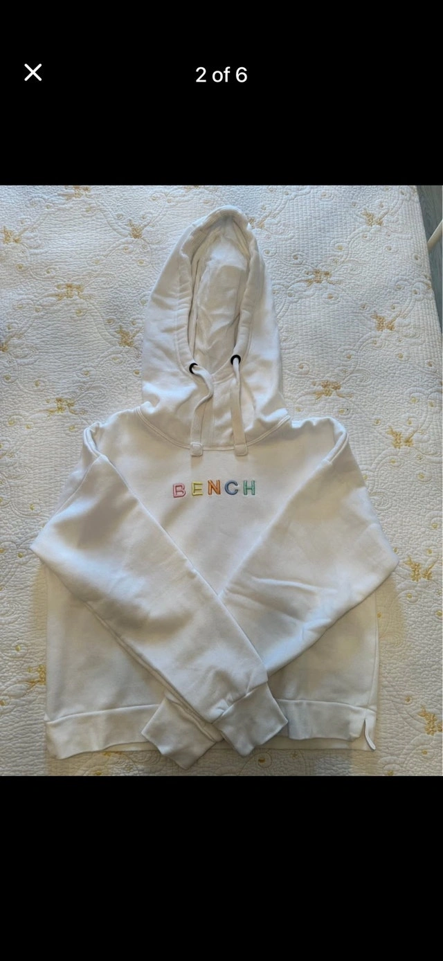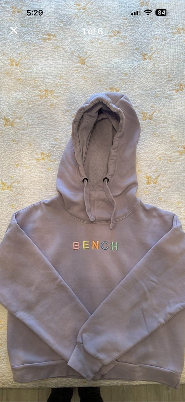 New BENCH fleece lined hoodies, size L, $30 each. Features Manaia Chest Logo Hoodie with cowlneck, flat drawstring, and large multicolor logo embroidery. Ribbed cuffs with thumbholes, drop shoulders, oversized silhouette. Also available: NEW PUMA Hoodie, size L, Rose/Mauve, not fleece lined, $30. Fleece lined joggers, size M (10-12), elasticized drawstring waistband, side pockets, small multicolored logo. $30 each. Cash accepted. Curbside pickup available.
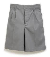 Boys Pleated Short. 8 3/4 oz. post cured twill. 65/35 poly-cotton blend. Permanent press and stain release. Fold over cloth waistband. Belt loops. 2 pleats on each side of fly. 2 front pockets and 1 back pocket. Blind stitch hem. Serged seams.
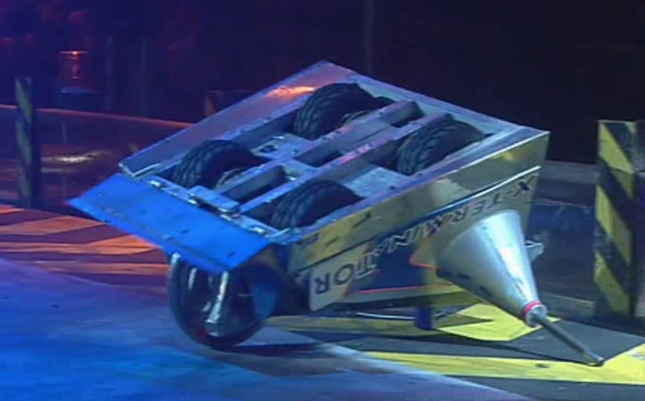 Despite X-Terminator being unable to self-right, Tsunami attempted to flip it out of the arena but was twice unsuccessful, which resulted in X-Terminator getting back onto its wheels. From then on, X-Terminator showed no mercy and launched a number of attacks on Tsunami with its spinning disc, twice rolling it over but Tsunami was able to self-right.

--

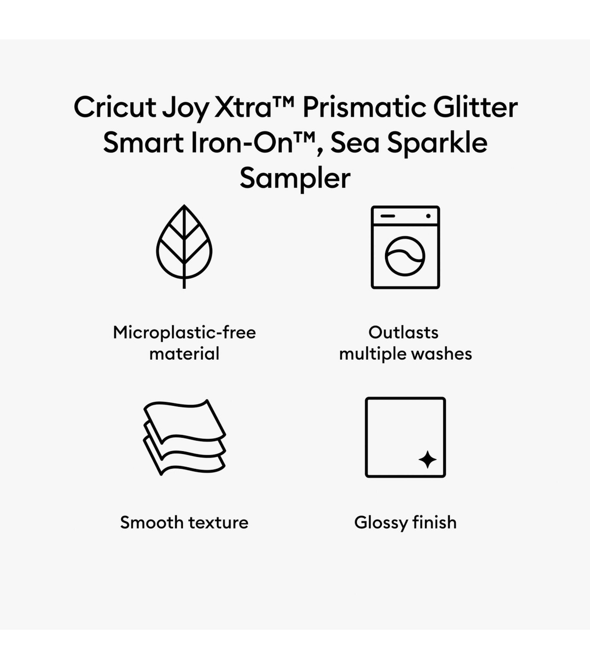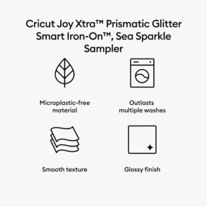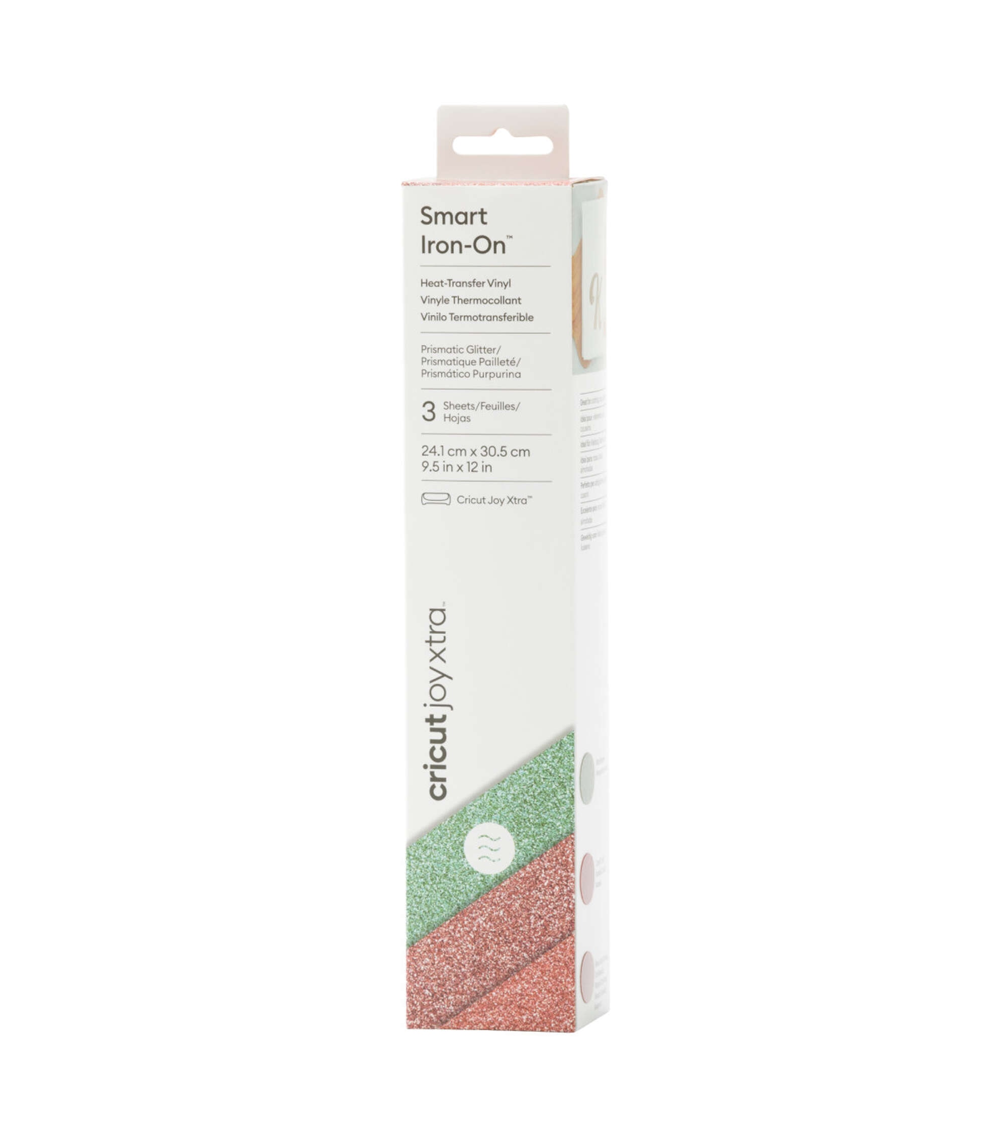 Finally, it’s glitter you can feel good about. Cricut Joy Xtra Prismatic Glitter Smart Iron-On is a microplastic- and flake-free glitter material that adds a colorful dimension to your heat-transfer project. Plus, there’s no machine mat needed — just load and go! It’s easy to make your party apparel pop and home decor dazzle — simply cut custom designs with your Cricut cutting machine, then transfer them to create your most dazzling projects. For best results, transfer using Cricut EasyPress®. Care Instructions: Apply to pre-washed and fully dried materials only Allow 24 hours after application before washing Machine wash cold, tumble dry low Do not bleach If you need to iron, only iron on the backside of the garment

Instructions to follow ▸ Nothing but the lines from the one containing "New BENCH fleece" through the one containing "Despite X-Terminator being" should appear, copied exactly from the material above and without pictures.

Result of this task ▸
 New BENCH fleece lined hoodies, size L, $30 each. Features Manaia Chest Logo Hoodie with cowlneck, flat drawstring, and large multicolor logo embroidery. Ribbed cuffs with thumbholes, drop shoulders, oversized silhouette. Also available: NEW PUMA Hoodie, size L, Rose/Mauve, not fleece lined, $30. Fleece lined joggers, size M (10-12), elasticized drawstring waistband, side pockets, small multicolored logo. $30 each. Cash accepted. Curbside pickup available.
 Boys Pleated Short. 8 3/4 oz. post cured twill. 65/35 poly-cotton blend. Permanent press and stain release. Fold over cloth waistband. Belt loops. 2 pleats on each side of fly. 2 front pockets and 1 back pocket. Blind stitch hem. Serged seams.
 Despite X-Terminator being unable to self-right, Tsunami attempted to flip it out of the arena but was twice unsuccessful, which resulted in X-Terminator getting back onto its wheels. From then on, X-Terminator showed no mercy and launched a number of attacks on Tsunami with its spinning disc, twice rolling it over but Tsunami was able to self-right.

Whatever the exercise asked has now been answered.